Record-limit and Batch-Optimized mode example
An example of the above two modes look like this:
batch_optimized:
- The records produced onto a topic-partition each contain 5 records. Then the batches would have offsets 0-4 inclusive, 5-9 inclusive, 10-14 inclusive
- a share consumer with `max.poll.records=6, batch.size=2` fetching records from the topic
- Two whole batches of records are acquired, from offsets 0 to 5 inclusive, which is 10 records in total.

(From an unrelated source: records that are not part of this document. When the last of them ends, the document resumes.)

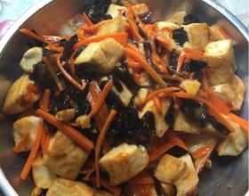 放油爆香蒜头,下红萝卜丝和木耳丝下锅炒,之后放一匙辣豆瓣酱炒均匀,放下豆腐一起炒一下,放芡水,捞一捞就可以上碟了。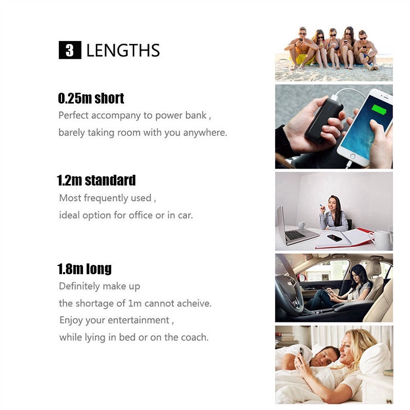 Dây cáp sạc loại C sạc nhanh cho điện thoại Android độ dài 0.25/1.2/1.8M
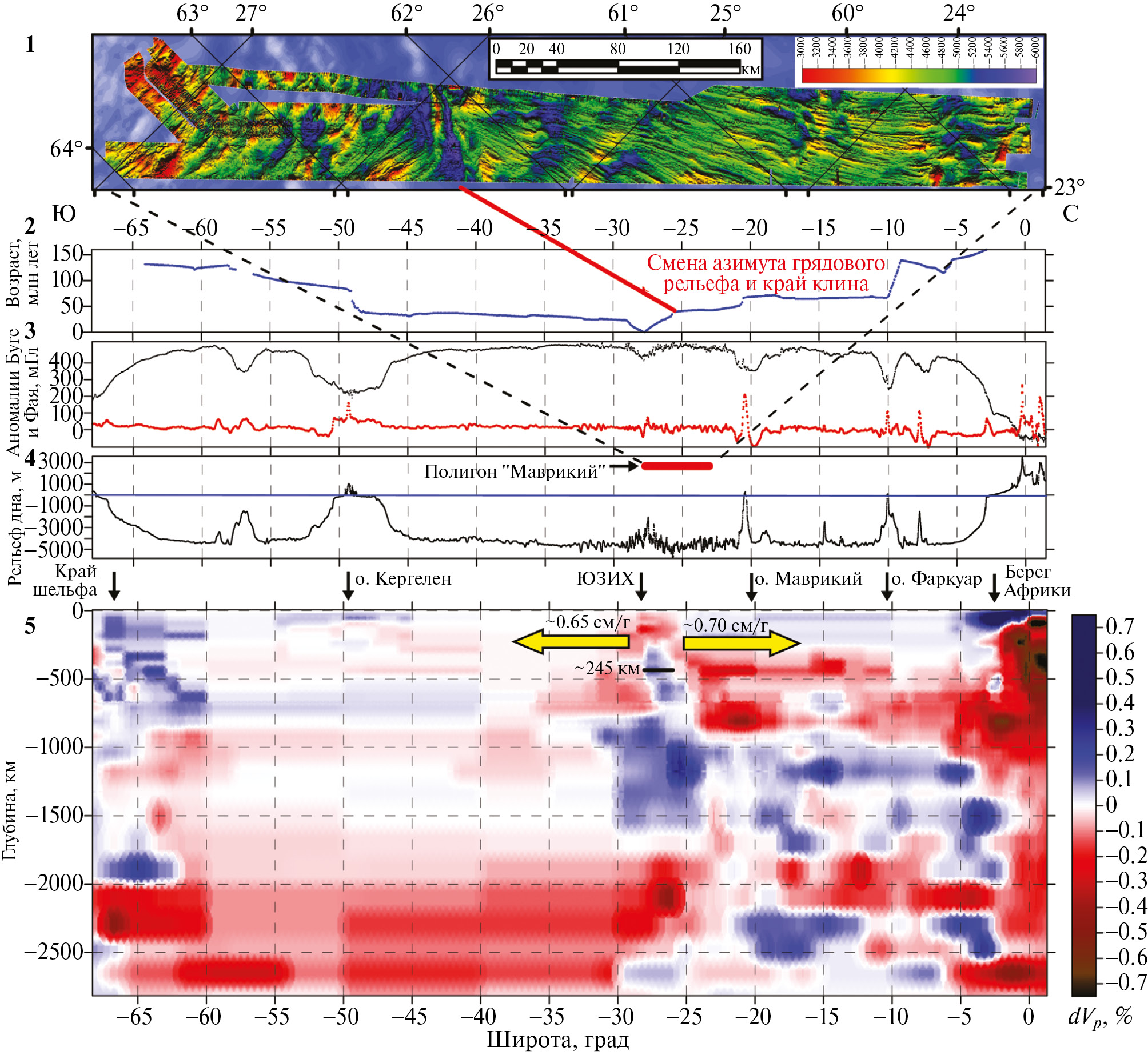 Рис. 5. Корреляция геолого-геофизических данных вдоль регионального субмеридионального профиля, положение которого показано на рис. 1. 1 — оттенённый рельеф полигона “Маврикий” 29-го рейса НИС “Академик Николай Страхов” (ГИН РАН, 2012–2013) по данным цифровой модели на сетке 100 м с указанием его положения в пределах профиля; 2 — профиль возраста фундамента по данным [5] с указанием положения смены азимута грядового рельефа и края клина; 3 — гравитационные аномалии в свободном воздухе (Фая) [14] и аномалии Буге [15]; 4 — рельеф дна [9]; 5 — сейсмотомографический разрез объёмной модели UU-P07 [16], жёлтые стрелки показывают направление дрейфа плит в проекции на плоскость разреза.

- Records acquired: ShareAcquireRecord[0] (offsets 0 to 4) and ShareAcquireRecord[1] (offsets 5 to 9).
record_limit:
- The records produced onto a topic-partition each contain 5 records. Then the batches would have offsets 0-4 inclusive, 5-9 inclusive, 10-14 inclusive
- A share consumer with `max.poll.records=6, batch.size=2` fetching records from the topic
- Return two entire batches 0-9 inclusive, but only acquire records 0-5 inclusive. In this case, the broker has returned record data which has not been acquired by this consumer(offset 6 to 9).

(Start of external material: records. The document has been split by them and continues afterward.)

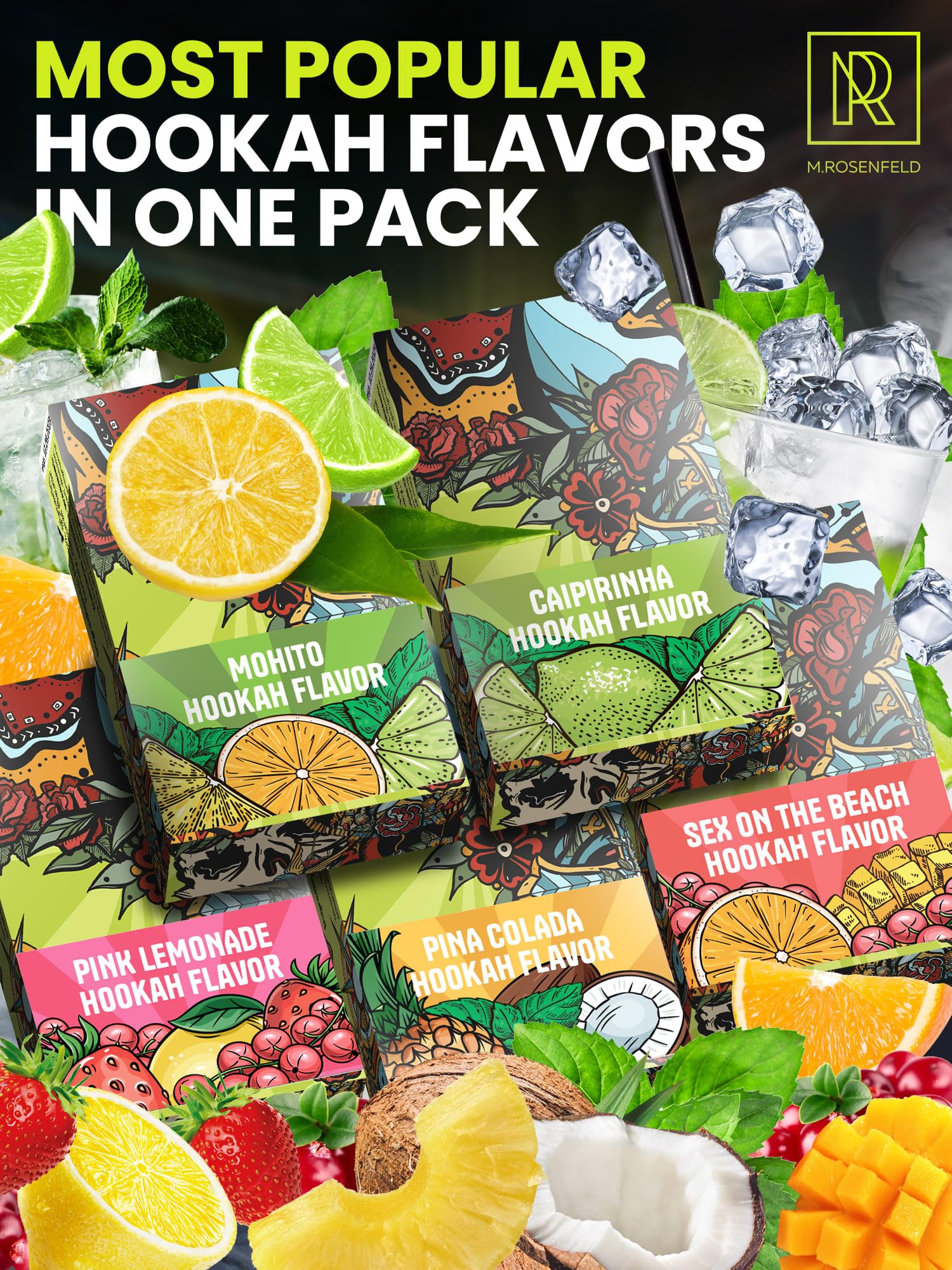 MOST POPULAR & JUICY HOOKAH FLAVORS IN ONE PACK - Tasty and realistic hookah tobacco flavor aromas of Pina Colada, Mojito, Sex on the Beach, Caipirinha, and Pink Lemonade in 50g pouches. Herbal shisha flavors. Shisha molasses hookah flavors for up to 10 hookah bowls.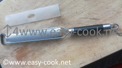 Râpe utilisée pour prélever des zestes d'agrumes râper des légumes, des fruits secs ou du fromage comme le parmesan.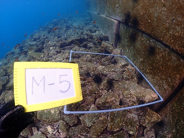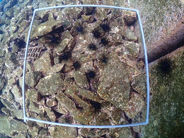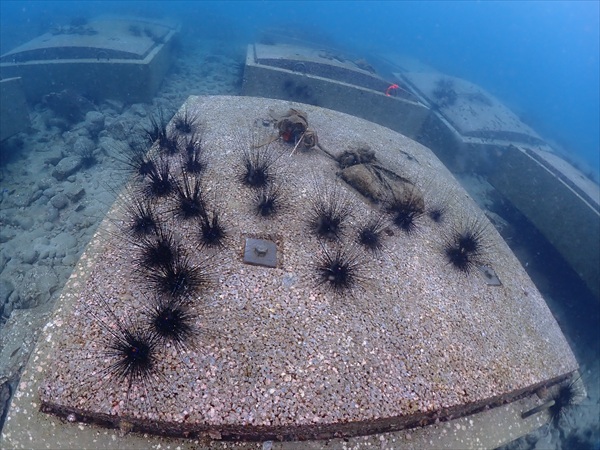 これは宮崎県が入れている藻場床ですが、各ブロックにもガンガゼが沢山くっついていました。

- Records acquired: ShareAcquireRecord[0](offsets 0 to 5).
In record_limit mode, records that have not been acquired will be sent to clients, resulting in overhead on either the client or server side. Therefore, this mode should be used in the following scenarios:
- There is a need to limit the number of records acquired.
- To avoid overhead, the producer's batch size configuration should be kept small.
Batching
Given that our primary objective for the change is to address cases with high processing times, so if "record_limit" mode is enabled, The ShareFetchResponse will contain only one batch, with maximum records number upper bounded by max(BatchSize, MaxRecords).

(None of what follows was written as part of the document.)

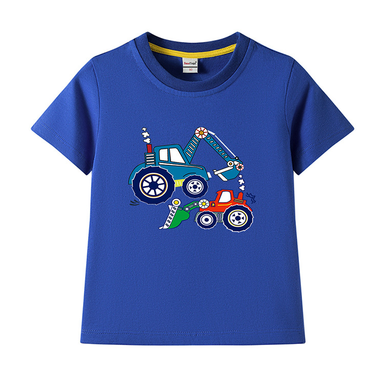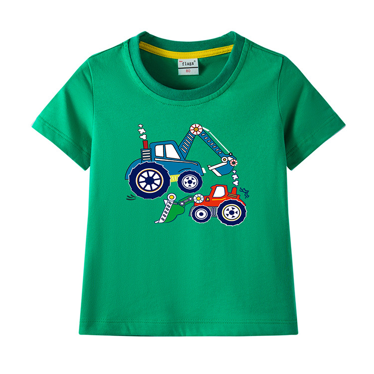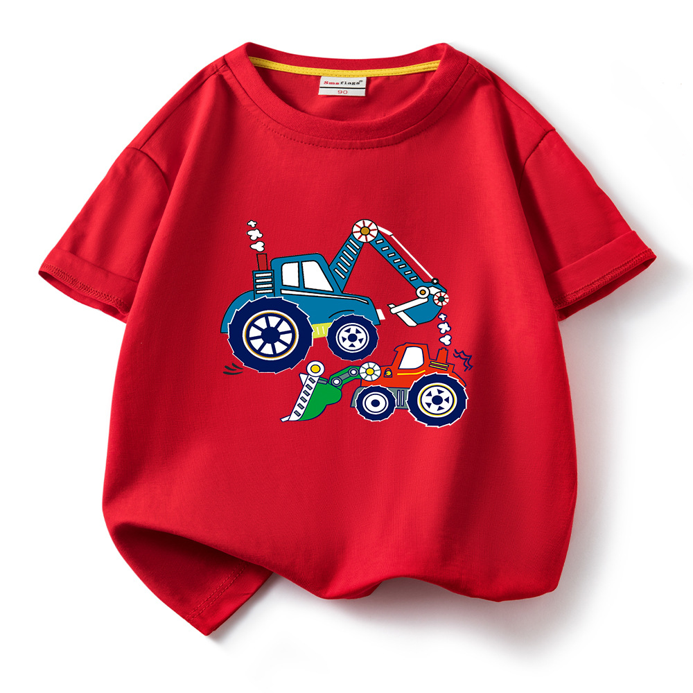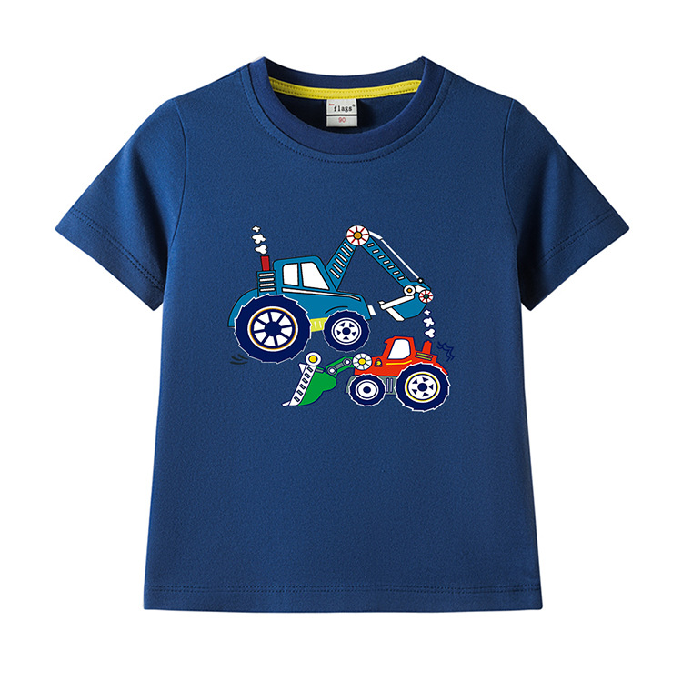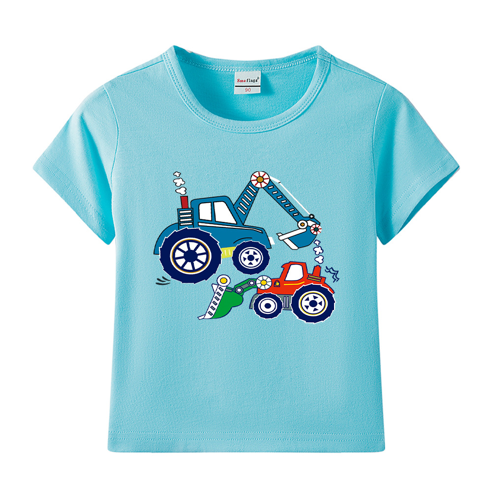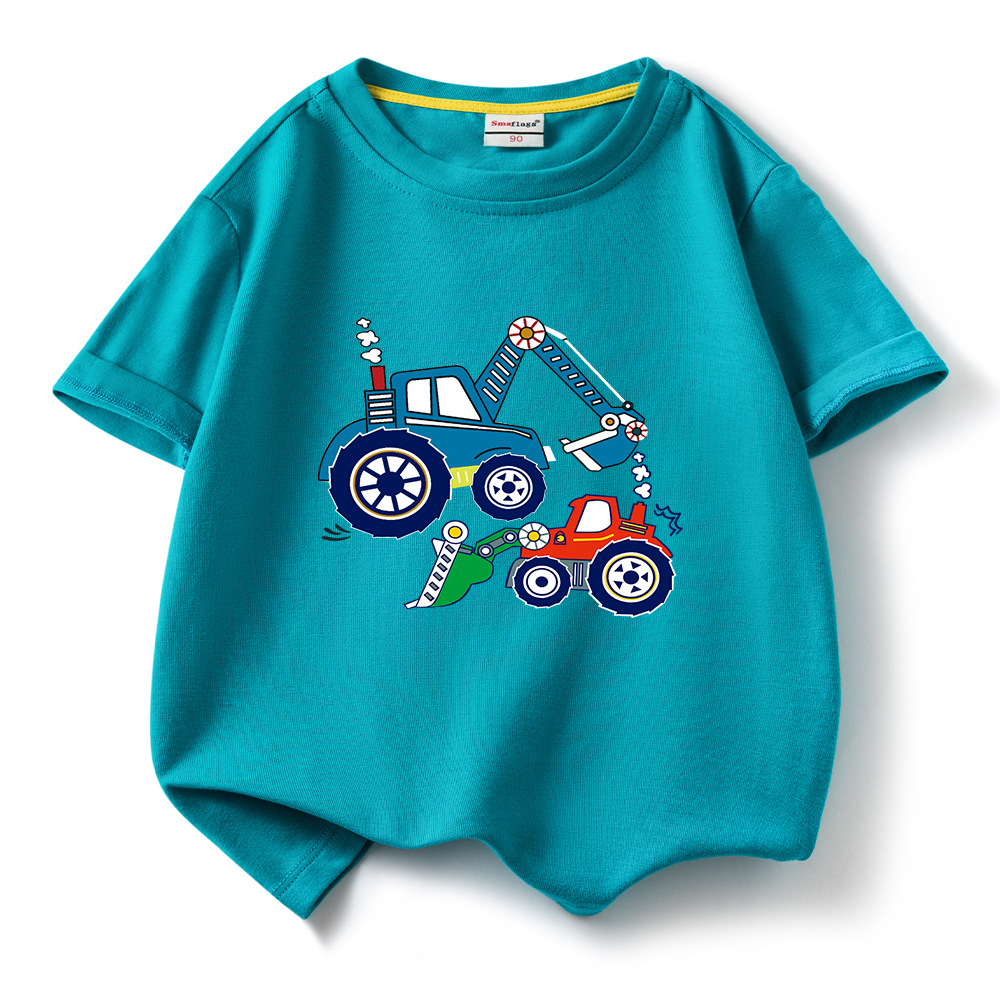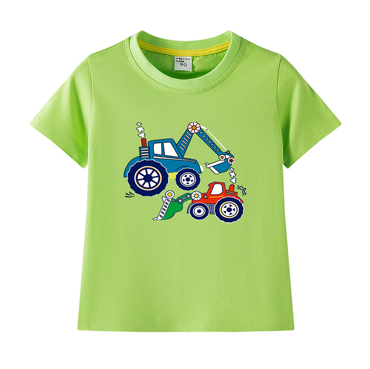 파는 만화 인쇄 아동복 면 라운드 넥 반팔 티셔츠 아동면 티셔츠 공장 재고 도매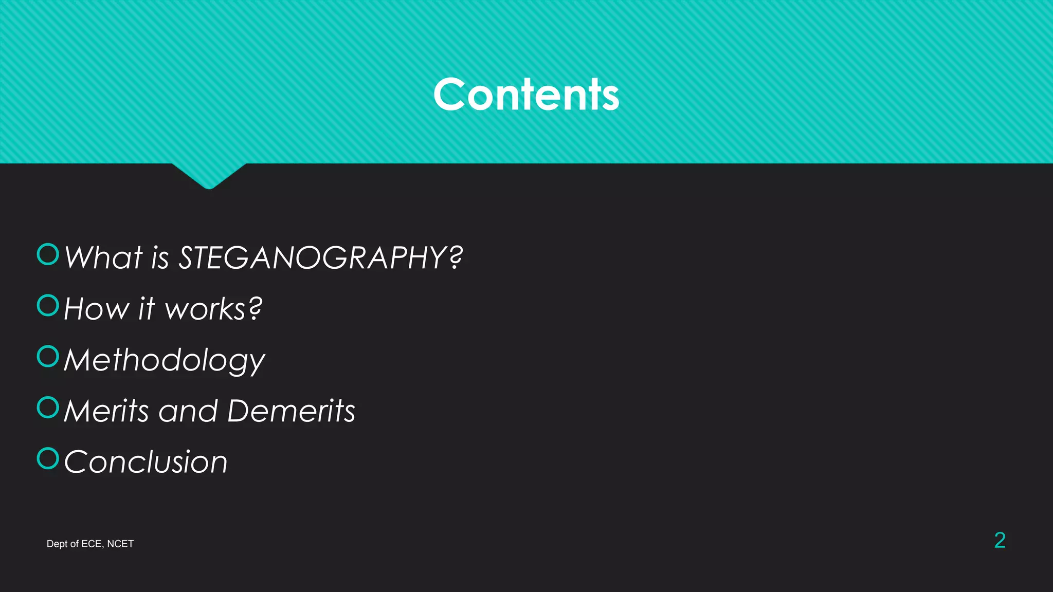 This document discusses steganography, which is the practice of concealing a secret message within another message or file. Modern steganography methods digitally embed messages in text, images, or audio files. The document explains how the least significant bit method works to hide messages in image and audio files by replacing the least significant bits of bytes with message bits. While steganography provides secure communication, it also has the drawbacks of increasing data size and requiring a complex encoding process.

Compatibility, Deprecation, and Migration Plan
This change is designed to be fully backward compatible:
- The default value of the newly introduced configuration is set to "batch_optimized", enabling compatibility with older versions of the broker.
Test Plan
Since this is a fairly small change, unit tests should be sufficient.
Rejected Alternatives
- Control the records number at log level to avoid additional overhead: When reading records from the log, at least one batch will be read, and this batch may be compressed. If we need to control the number of records at the log level, decompression will be required, which will result in additional CPU consumption. Therefore, it makes sense to avoid CPU consumption at the expense of additional network transmission overhead.
- Adjusting the record batching so that a single batch (e.g., records 0-4 inclusive) is returned in record limit mode is straightforward, and the code assumes batch boundary alignment for other operations as well. As a result, this approach is not preferred.